Decades begins with everyone picking up a pre-made character, and this time, the selection is different from before. You can choose someone with a really tall hi-top fade or a girl in a popcorn box costume or someone wearing a functioning arcade machine. Once the character is chosen, you can use your device's camera to snap a picture of yourself with that character's overlay — kind of like a Snapchat or Instagram filter. From there, after the host introduces the characters, everyone is taken to a room with four doors that represent different categories. The category with the most votes gets chosen as the question topic; in case of a tie, a random topic is chosen. However, once per game, a player can unleash a power-up to override everyone else's decision and have the game go with their desired category. From there, you're shown which power-ups people can use against one another, answer the question, see the results, and start the process anew on the next round.


One of the more interesting things you'll notice is how the topics and questions link to one another. For example, you can start off with movies and get asked a question about an adventure film. From there, you can choose between things like ancient artifacts or specific world history or geography that was somehow related to the previous question. The ties aren't always obvious, and there are times when they forgo the connections, but the effort is appreciated when so many other trivia games simply opt for a random selection of categories.

With that said, the questions are more limited than in the previous title. Despite having the theme of decades, there are only four decades to choose from: '80s, '90s, '00s, and '10s. Most of the time, Decades asks you a question dealing with entertainment with perhaps a smattering of news. Unlike the previous title, almost all of the questions are straightforward and tend to be on the easy side, so it'll take some real work to get a question wrong. Compared to its predecessor, this is a cakewalk of a game.

The limited question set makes you wonder why Decades wasn't made available as DLC for the original title. The decision to go that route would've also prevented the player from having to download an app for this iteration of the game, although this is something the PlayLink series is guilty of doing with every one of its title. Since this still functions in the same way as the first game, it's terrible to need to download yet another app.
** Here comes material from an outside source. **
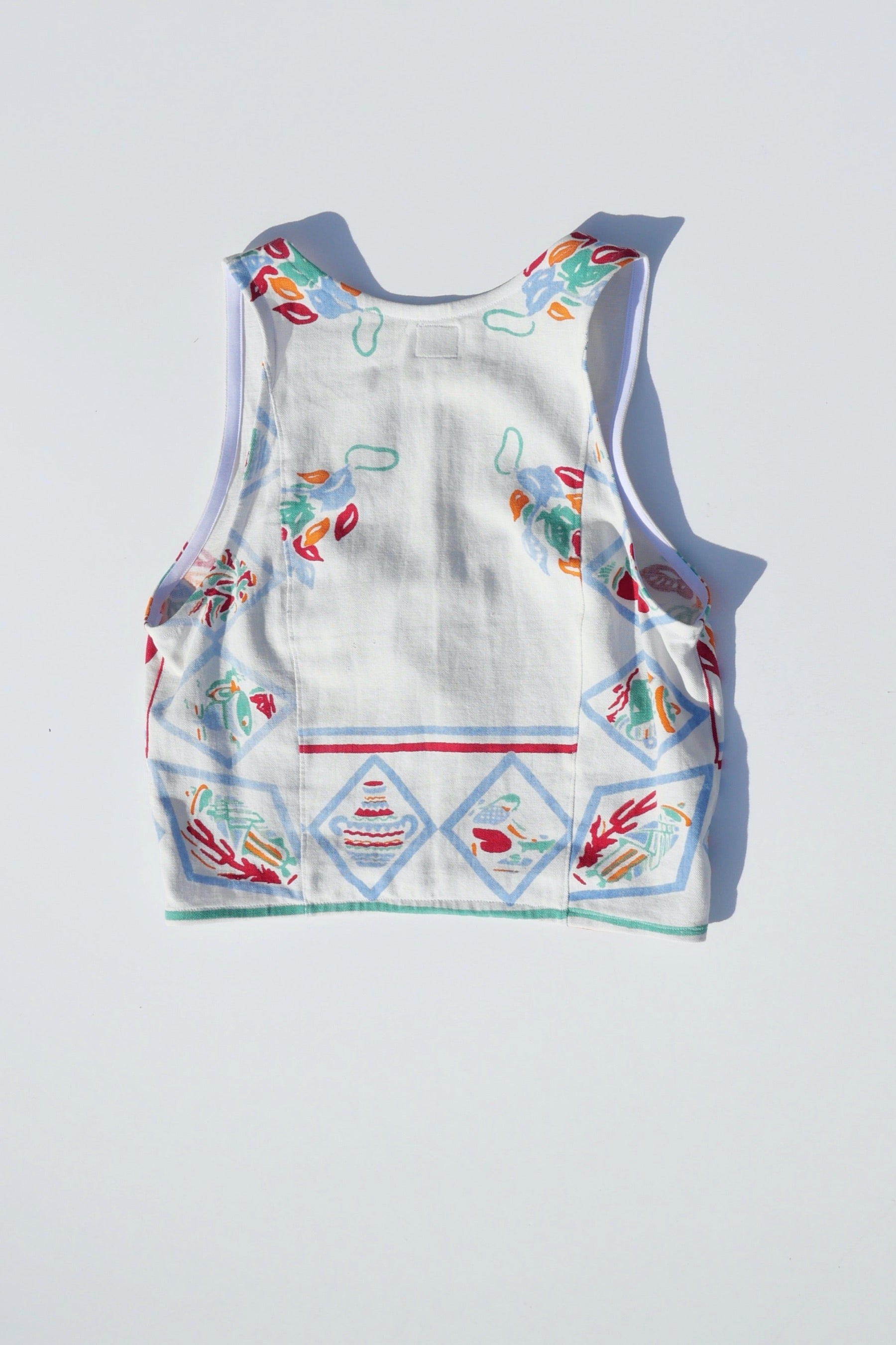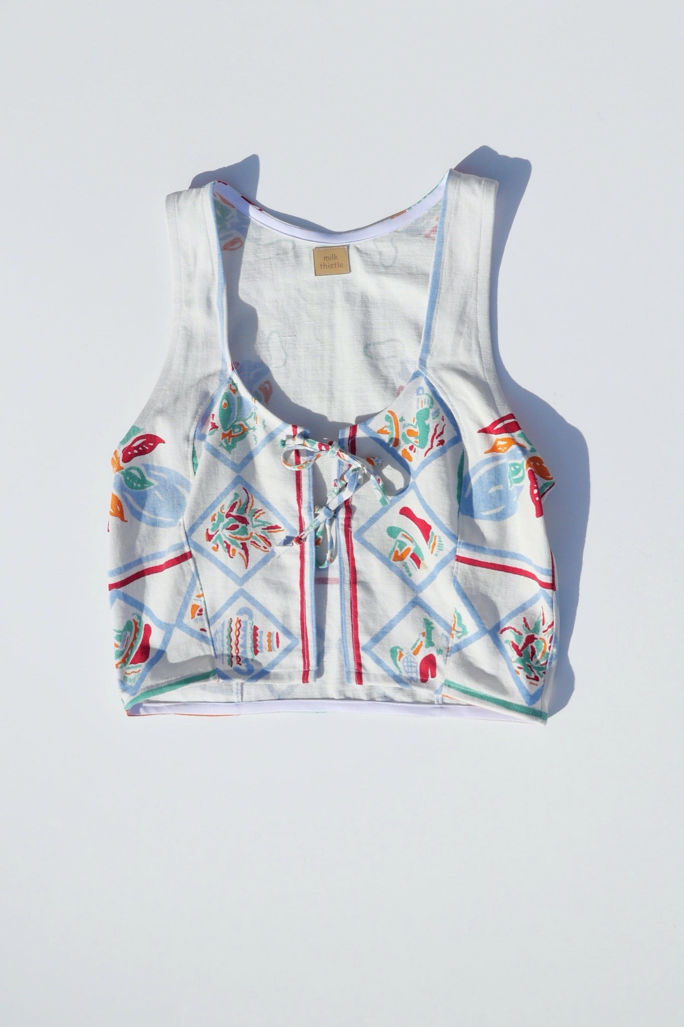 One of a kind tie front tank top handmade from vintage textiles in Long Beach, CA.

There's one good thing in the title: the addition of more modes. Granted, the modes take what you have in the base game and make a modification or two to make it feel slightly different. You can choose to have trivia-only games or games that only feature challenge rounds. You can also ask for a shorter game overall, but the addition of the ability to turn off power-ups is probably the most welcome since their presence (although initially fun) slows down the game significantly.
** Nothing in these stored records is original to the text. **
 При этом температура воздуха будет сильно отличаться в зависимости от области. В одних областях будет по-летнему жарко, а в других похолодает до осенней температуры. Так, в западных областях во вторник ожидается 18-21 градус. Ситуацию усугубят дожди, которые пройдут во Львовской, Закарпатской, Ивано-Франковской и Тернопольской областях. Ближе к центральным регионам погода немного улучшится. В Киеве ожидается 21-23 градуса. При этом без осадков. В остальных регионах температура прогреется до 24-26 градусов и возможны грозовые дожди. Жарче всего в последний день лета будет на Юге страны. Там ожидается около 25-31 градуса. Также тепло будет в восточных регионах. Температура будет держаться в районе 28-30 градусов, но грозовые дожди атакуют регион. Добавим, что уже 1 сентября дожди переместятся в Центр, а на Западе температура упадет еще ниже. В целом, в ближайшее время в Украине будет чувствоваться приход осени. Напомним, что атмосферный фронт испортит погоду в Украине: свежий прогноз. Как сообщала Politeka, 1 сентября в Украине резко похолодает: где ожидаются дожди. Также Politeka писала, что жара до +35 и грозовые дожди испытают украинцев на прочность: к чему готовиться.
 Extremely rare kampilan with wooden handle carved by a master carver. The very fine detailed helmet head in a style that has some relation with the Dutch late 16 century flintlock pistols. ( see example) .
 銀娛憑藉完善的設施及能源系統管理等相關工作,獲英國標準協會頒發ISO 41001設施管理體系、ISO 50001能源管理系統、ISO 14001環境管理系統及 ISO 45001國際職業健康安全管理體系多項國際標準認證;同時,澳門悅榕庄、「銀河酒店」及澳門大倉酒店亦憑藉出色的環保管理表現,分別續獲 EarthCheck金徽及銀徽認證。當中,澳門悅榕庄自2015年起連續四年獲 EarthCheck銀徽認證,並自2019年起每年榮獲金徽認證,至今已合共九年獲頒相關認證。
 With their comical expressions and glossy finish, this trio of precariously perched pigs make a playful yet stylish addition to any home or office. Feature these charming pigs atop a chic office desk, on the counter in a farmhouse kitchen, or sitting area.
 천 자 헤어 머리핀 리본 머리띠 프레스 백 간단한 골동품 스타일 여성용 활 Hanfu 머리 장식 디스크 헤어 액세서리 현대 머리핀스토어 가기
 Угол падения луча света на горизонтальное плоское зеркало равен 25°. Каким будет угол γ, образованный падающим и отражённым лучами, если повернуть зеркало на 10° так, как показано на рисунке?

Despite coming out one year after the original title, this iteration of the game somehow takes a step back in presentation. The backgrounds now include decade balloon numbers in the background, and they're done up in the style of the era. The eight characters you can choose from are all different, but their Laika and Aardman Animation looks remain present with some pleasant animation. It's in the audio where things go south, as the host is still boring to listen to and lines are repeated quite a few times in the same game session. The music overpowers the robotic voice announcing which power-ups have been used. Without any sound balancing options to fix this, you'd be forgiven for thinking that some voice clips simply don't exist.
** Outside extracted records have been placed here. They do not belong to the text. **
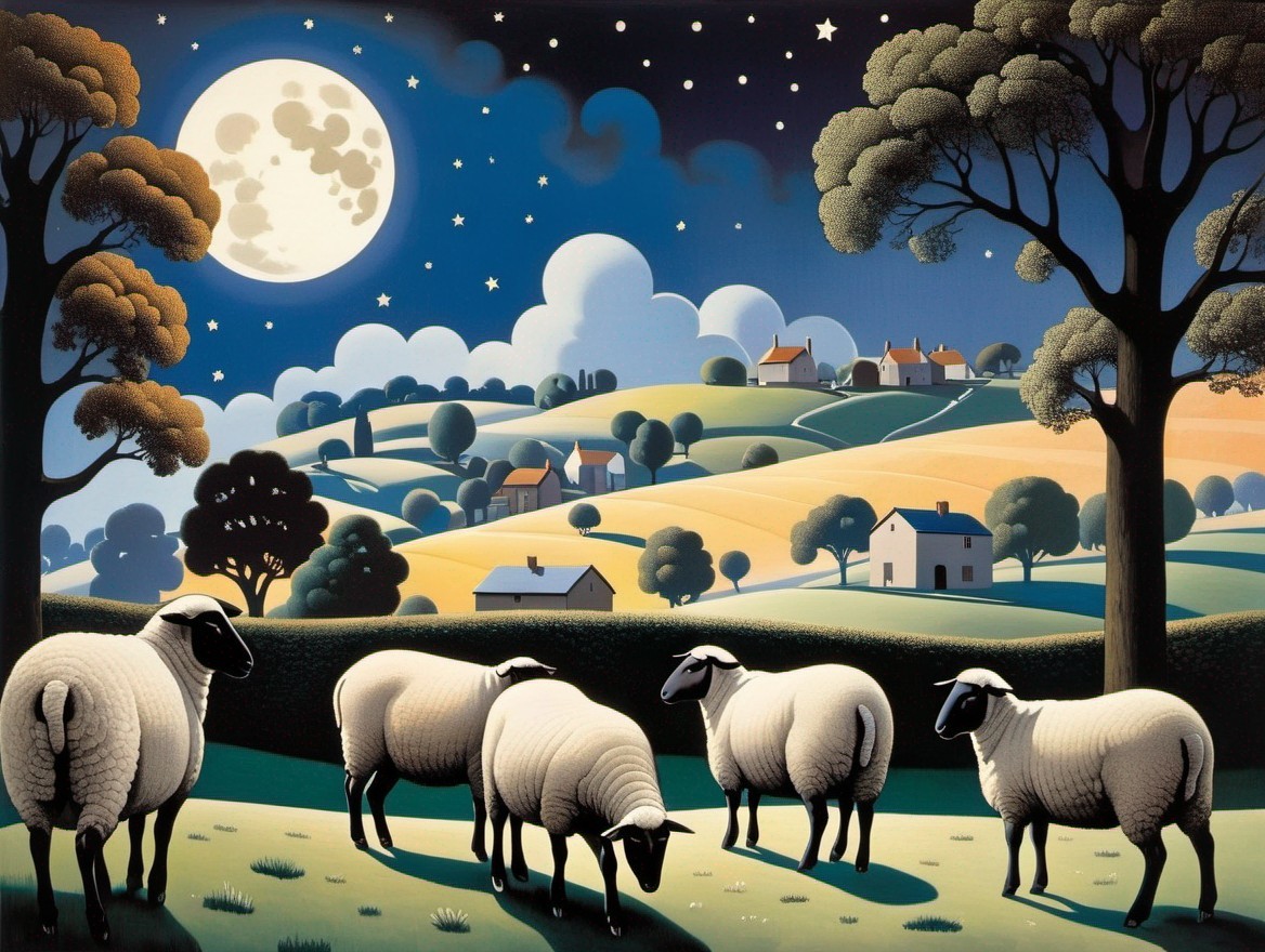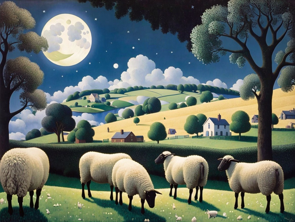 A whimsical painting of sheep before rolling hills under a night sky with a large full moon and stars.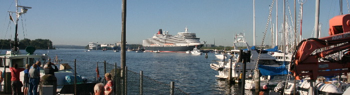 Danach aber leider ein grottenschlechter Kick gegen Österreich, der auch noch unverdient mit 2 : 1 gewonnen wird. Die Aussis können einem leid tun. Darauf wird hier rechts aber noch nicht angestoßen, das passiert viel später. Na und dann erfahren wir, dass wir morgen das zweitgrößte Passagierschiff der Welt erleben sollen, zwischen 0600 und 0700 soll die 92.000 BRT große „Queen Elisabeth“ hier einlaufen. Natürlich haben wir dazu unseren Logenplatz im Fischerei- und Yachthafen.
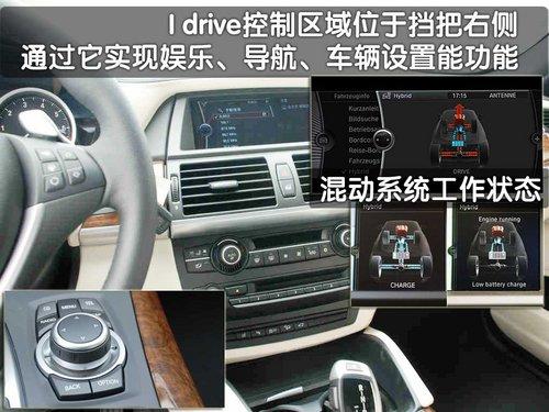 BMW ActiveHybrid X6標配通過iDrive控制的寶馬專業級導航系統,也可利用增強的語音控制功能對其進行控制。寶馬聯網駕駛的客戶還可以使用寶馬線路圖,只需按一下按鈕即可在車上通過寶馬在線功能直接檢索風景最美的行車路線。除導航數據外,用戶還可以將自己喜歡的音樂保存在車內存儲容量達80 GB的硬盤上。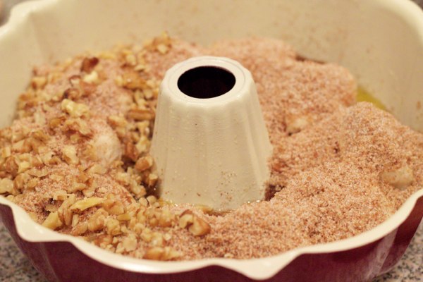 - Put 10 discs in the bundt pan (on top of the nuts) with cream cheese facing up

As a stand-alone title, Knowledge is Power: Decades is fine. The mechanics taken from the first game still hold up well enough, and the small improvements give the game some more depth, such as the ability to remove power-ups and the new modes that remove trivia questions or challenge rounds. The easy and straightforward questions and the small selection of available decades make this feel like it should be DLC instead of a full-fledged game. Decades is a better purchase if you didn't pick up the first game, as owners of that are better off waiting for a big sale before adding this to the rotation.